As a boy, I remember my father telling me a bedtime story about the day my grandfather was decapitated. Sure, it seems like an odd tale to tell a young boy, but I was strong and my father knew I could handle it. He told me because he wanted me to know about our family, where we came from, the struggles we overcame and that started with my grandfather, who was in the fur trade like his father. Business boomed, but only because he made a deal with another man to help him with the money. When business got bad, the money decreased and when my grandfather couldn’t pay his debt, he couldn’t pay the man back, and it was in that moment that things changed forever. My father always said he knew not of the details of what happened entirely, but knew my grandfather got his head taken off because he could not pay the man back. He also told me there was a myth behind the cruel act, but swore to tell me when I got older. He never did after all. I always suspected it being due to something along the lines of my grandfather’s head rolling down the top of a hill of the opium fields where he was killed…I always liked to mix my imagination together with the rumours.

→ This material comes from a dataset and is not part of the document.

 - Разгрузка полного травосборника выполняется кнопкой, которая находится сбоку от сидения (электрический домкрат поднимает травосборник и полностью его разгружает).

Of course, I’d like to tell you that it was a different time and some things should stay in the past, but sometimes you can’t control what may carry over into the present. It was 1885 when my grandfather was killed, that was thirty-five years ago. My father is now the same age my grandfather was when he was killed. I mention this because, well, I can’t help it. I know he doesn’t have a target on his head, nor does he carry my grandfather’s blood money, but I cannot shake that feeling of dread. I guess in some ways my childhood memories have finally caught up to me and how I should have been scared back then, I am now. One memory I have as a child was an incident where I fell into the Huangpu River after climbing a tree in the park. When I came out, I had a fish in my pants. My father and Liu thought it was hilarious, but I didn’t and I still don’t. Sometimes they still tell that story to people and burst out laughing every time, but I still don’t find it funny. I mean, I was just a kid and that fish was creepy looking…and in my pants! Anyways, the city of Shanghai had come a long way since its dark days, but in a lot of ways, it was no different than it was then. It still had its crime right out in the open as any city does, but this also meant that if you were a kid scampering through the streets to run an errand for your dear mother, you’d better take the back streets wherever possible. I have been fortunate in both cases; for I grew up when it was safe to walk the streets and I have no child to fear for not making it back home. For the time being, the Tsang family tree ended with me.

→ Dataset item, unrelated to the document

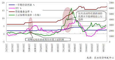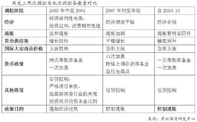 綜合以上分析,我們認為,近期貨幣政策收緊的目的很明確,那就是遏制通脹,而不是通過給經濟降溫抑制社會總需求。實際上一次性的上調存款準備金以及加息對流動性“抽血”效應并不顯著,市場近期作出較大反應主要是因為對于央行連續(xù)加息的預期。因為如果加息周期出現(xiàn),將會給股市和商品帶來流動性收縮后的短期資產價格重估,也會在一定程度上抑制投資需求和消費需求。只要國家不出臺限制社會總需求的政策,股市和商品都將迎來中長期上漲行情,可逢低建立中長線多單。歷史數(shù)據顯示,僅僅是收縮流動性的政策并不會使股市和商品陷入明顯回調,每一輪流動性緊縮也都伴隨著股指和商品的上升周期。

Lately, things seemed strange within the community. Something just seemed off about the general public. There was no efficiency when it came to coming together or exchanging friendly greetings and gestures. Always in a hurry, or keeping to themselves in such a way that you thought maybe they all had deaths in their families and wished not to speak with anyone because of shock. Obviously, this wasn’t the case, but I just couldn’t understand it; me being a vibrant young man who kept to himself, I was curious and knew all too well how things could change out of nowhere. There has been small talk of something going on within the community as the cause of for its silent shake up, but I, for the life of me, could not figure out what that was or whether or not it was true. I first became suspicious of the town’s activity after a day at the local market. Two men in business suits outside the market on a Wednesday just seemed a bit off. I would have looked the other way and carried on if it weren’t for their suspicious demeanor. One guy seemed skittish. He stood about 5'10'' with a slender frame, slicked back black hair in a ponytail. On his side, he carried what appeared to be a weapon of some sort. I assumed it to be a gun at first, though, it may have been a small knife, I wasn’t really sure. He was constantly whispering to his friend while he kept looking around. I remember grabbing an apple and just glancing over at their direction only to notice the other man’s odd behavior. The other just stood there with his arms folded as if he was guarding something, yet there was nothing to guard.